### [WHAT YOU SHOULD DO]
Return every line from the one with "羅布(左二)在班前會上給鋼軌探傷隊員進行任務(wù)部署和安全警示(1月12日攝)。新華社記者 孫非 攝" through the one with "점심 캠페인을 마치며", inclusive, exactly as it appears below.

### [EXTRACTED INFORMATION]
===
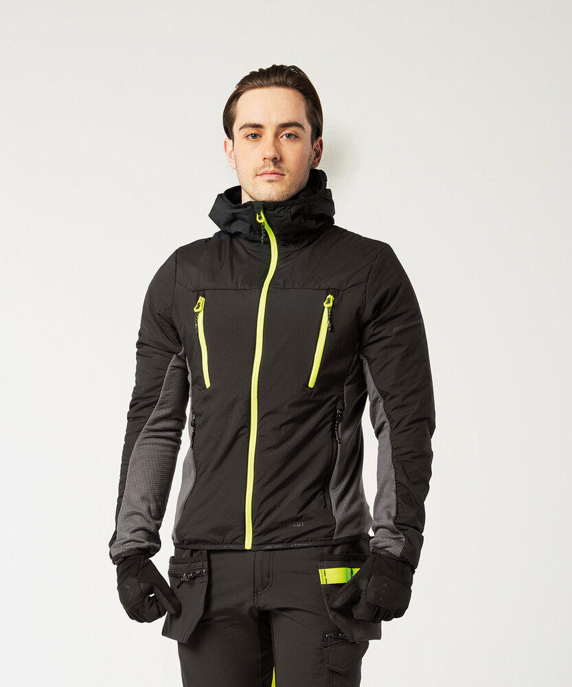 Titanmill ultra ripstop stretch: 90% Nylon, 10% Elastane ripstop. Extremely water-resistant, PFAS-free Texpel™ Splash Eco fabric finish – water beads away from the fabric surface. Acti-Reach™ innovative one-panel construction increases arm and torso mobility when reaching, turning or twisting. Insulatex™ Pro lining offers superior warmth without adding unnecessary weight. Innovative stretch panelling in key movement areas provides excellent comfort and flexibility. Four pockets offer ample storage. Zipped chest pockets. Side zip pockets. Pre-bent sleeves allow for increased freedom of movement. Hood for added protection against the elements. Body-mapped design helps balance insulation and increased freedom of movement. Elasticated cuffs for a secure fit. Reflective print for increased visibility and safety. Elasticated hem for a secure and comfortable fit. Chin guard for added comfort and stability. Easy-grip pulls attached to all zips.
===
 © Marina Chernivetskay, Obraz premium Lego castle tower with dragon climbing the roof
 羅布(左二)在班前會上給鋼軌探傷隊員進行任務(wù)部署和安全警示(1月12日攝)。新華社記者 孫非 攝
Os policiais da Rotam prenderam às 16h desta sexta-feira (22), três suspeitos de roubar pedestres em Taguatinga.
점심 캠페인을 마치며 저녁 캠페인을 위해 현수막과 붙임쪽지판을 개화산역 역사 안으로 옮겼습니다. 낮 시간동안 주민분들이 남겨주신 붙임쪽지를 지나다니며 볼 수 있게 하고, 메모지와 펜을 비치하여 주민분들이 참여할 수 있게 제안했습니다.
===
### [RESULT]
 羅布(左二)在班前會上給鋼軌探傷隊員進行任務(wù)部署和安全警示(1月12日攝)。新華社記者 孫非 攝
Os policiais da Rotam prenderam às 16h desta sexta-feira (22), três suspeitos de roubar pedestres em Taguatinga.
점심 캠페인을 마치며 저녁 캠페인을 위해 현수막과 붙임쪽지판을 개화산역 역사 안으로 옮겼습니다. 낮 시간동안 주민분들이 남겨주신 붙임쪽지를 지나다니며 볼 수 있게 하고, 메모지와 펜을 비치하여 주민분들이 참여할 수 있게 제안했습니다.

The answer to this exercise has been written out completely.